Although some of these alternative assets may be more volatile than traditional stocks and bonds, they can offer the potential for higher returns. Including a mix of asset types in your retirement portfolio can help you weather market ups and downs and reach your long-term financial goals. Some other options to consider include real estate investment trusts, commodities, private funds and hedge funds, precious metals, and limited partnerships. Before making any changes to your retirement account, be sure to speak with a financial advisor to get personalized advice that takes into consideration your unique circumstances.

What alternative assets are you including in your portfolio?

5 Responses

  1. I’m convinced the Fed will continue tightening until it “breaks” something. Many experts expect the Fed to then pivot, as they have done repeatedly in the past. My concern/question is what if they break something so big and so badly that regular money printing and lowering of rates is insufficient to turn things around?

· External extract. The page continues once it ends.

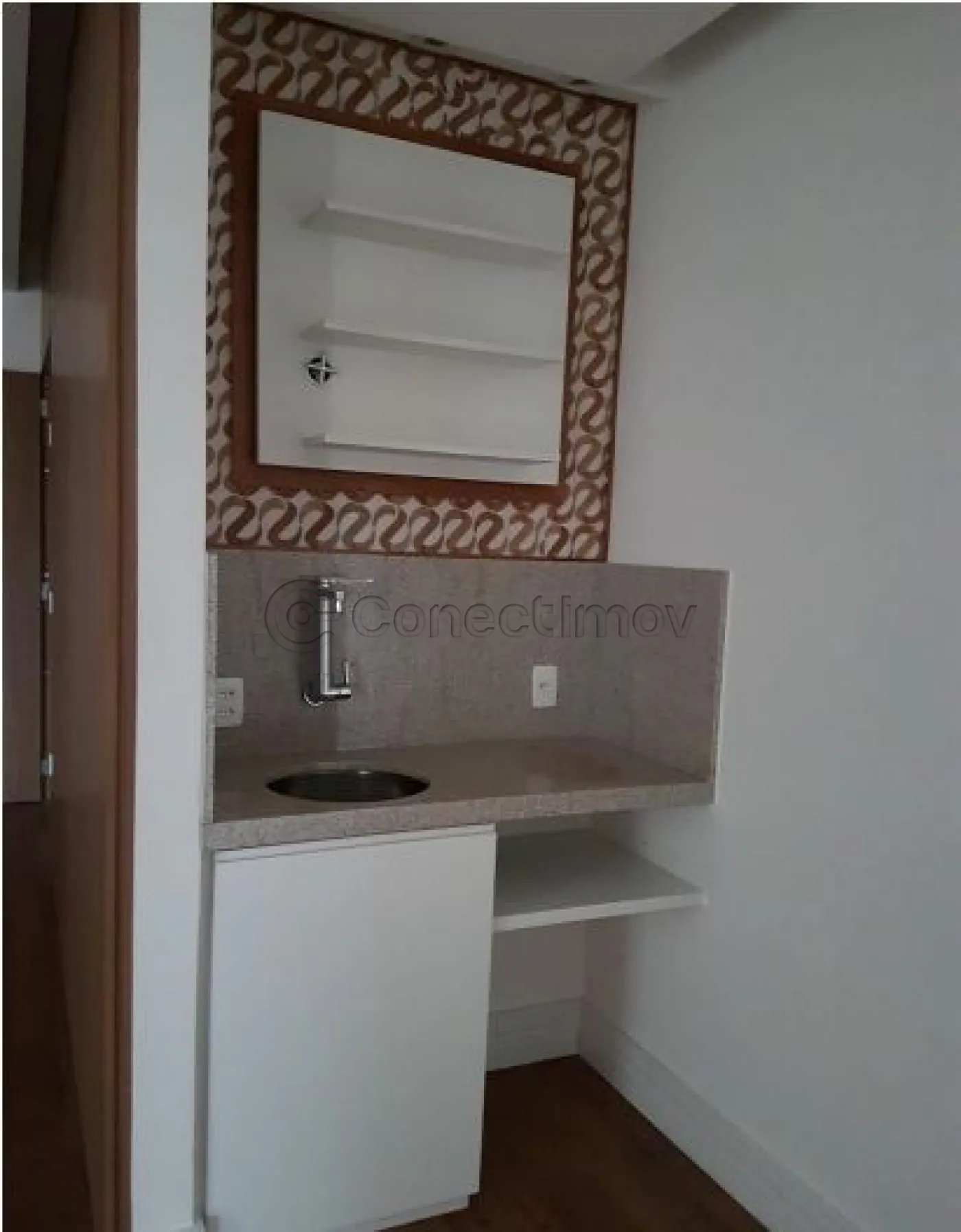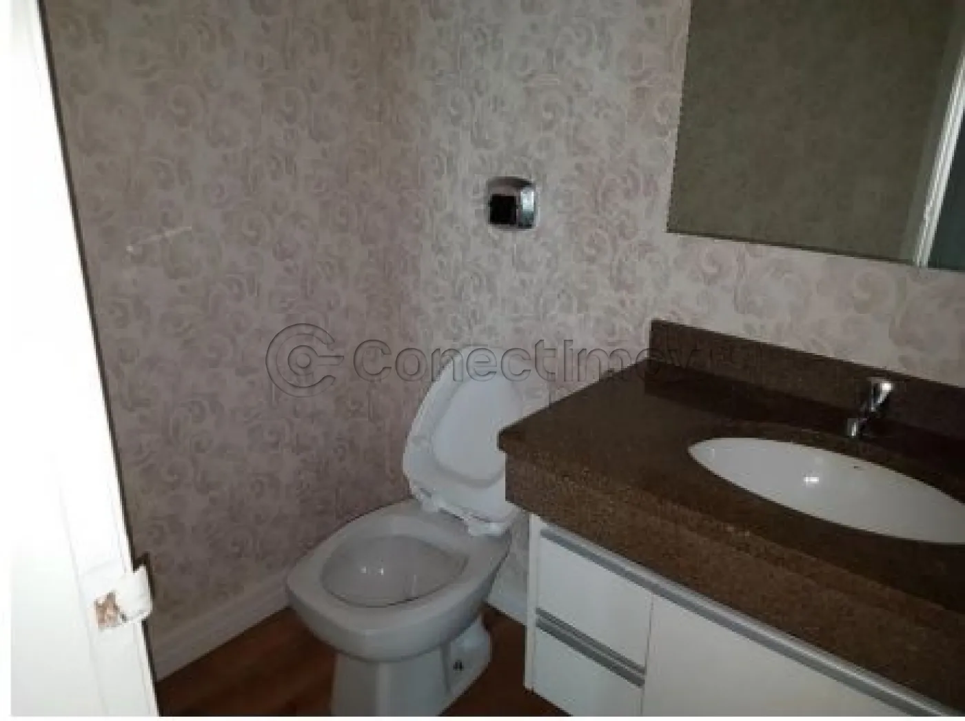 Sanitários/Copa Piso com carpete de madeira e carpete e paredes revestidas com pintura látex, forro de gesso.

In which case, we have a world-wide economic collapse. Your thoughts please.

    1. That is a serious concern of mine. I’m 65, retired and have been hemorrhaging losses in the traditional investments for 2 years now. I’m concerned my money will run out in retirement resulting in a lower standard of living.

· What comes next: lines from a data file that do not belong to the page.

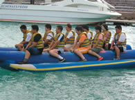 | 焼けるような日差しの中、透きとおった海で、初めてのマリンスポーツ体験。 やっぱり自然はすごい!! |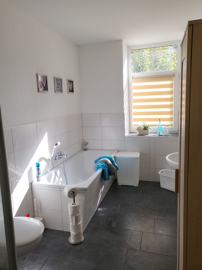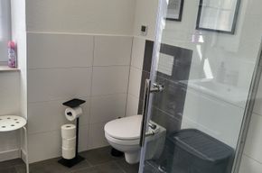Dusche, Badewanne, WC, Handtücher, Seife, Föhn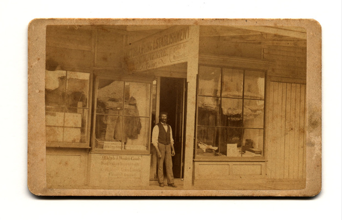 [Thomas Whiten Pierre outside the Victoria Dying Establishment, Victoria, British Columbia]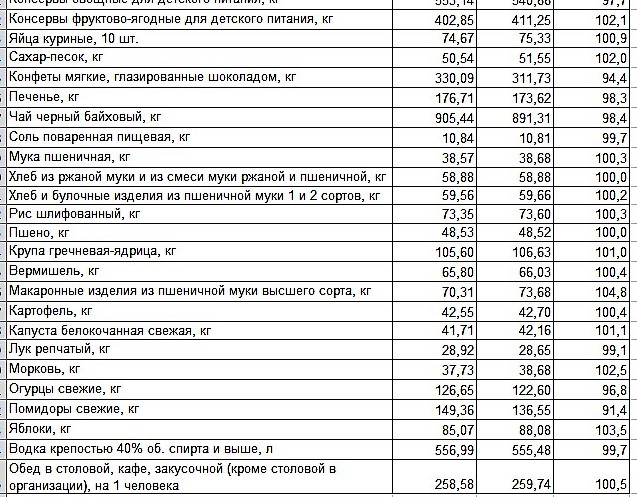 Итак, резко “подросли” в цене консервы для детского питания, как мясные (827,99 за кг до 845,79 рублей), так и фруктово-ягодные (с 402,85 за кг до 411,25 рублей). Увеличилась цена за килограмм на сахар-песок (с 50,54 до 51,55 рублей), крупу гречневую (с 105,60 до 106,63 рубля), масло сливочное (с 609,35 до 613,53 рубля), масло подсолнечное (с 127,85 до 126,15 рублей), морковь (с 37,73 до 38,68 рублей). Значительный рост отмечен на макаронные изделия (с 70,31 до 73,68 рублей за килограмм), рыбу мороженную неразделанную (с 187,41 до 190,02 рублей) и яблоки (с 85,07 до 88,08 рублей). Немного стали дороже куры охлажденные и мороженные (с 166,81 до 167,32 рублей за килограмм), сметана (с 214,84 до 215,10 рублей за килограмм), яйца (с 74,67 до 75,33 рубля за десяток).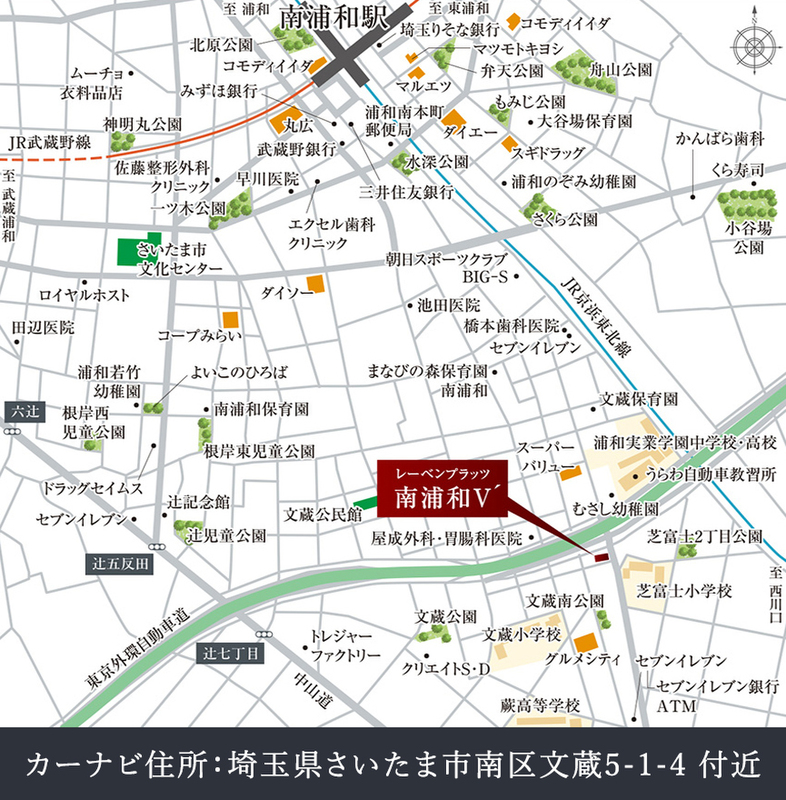 JR京浜東北・根岸線「南浦和」駅 徒歩17分 JR武蔵野線「南浦和」駅 徒歩17分 |

      1. Your concerns are completely valid, Keith. I think this is why so many investors have turned to alternatives – to reduce the correlation of the portfolio swings up and down. While no investment is perfect or risk-free (not even bonds), having exposure to different asset classes can help soften the blow. And I mean real diversification – not just holding different sectors of the same asset class (stocks)!

    2. I’d agree with you here, Terry. There’s always a possibility the Fed strategy won’t work – the zero interest rate environment for the last decade coupled with runaway money printing/quantitative easing has created an “everything” bubble. Everyone was riding high on the hog while their asset prices went up, without truly understanding the underlying impact that sustained money printing could create.

  2. My uncle recently decided to invest in a Precious Metals IRA, and he chose gold. I think it’s great that you can use commodities such as gold, platinum, oil, natural gas, lumber, and other minerals to invest in your future. Knowing that there is a wide variety of options out there when it comes to investing offers peace of mind.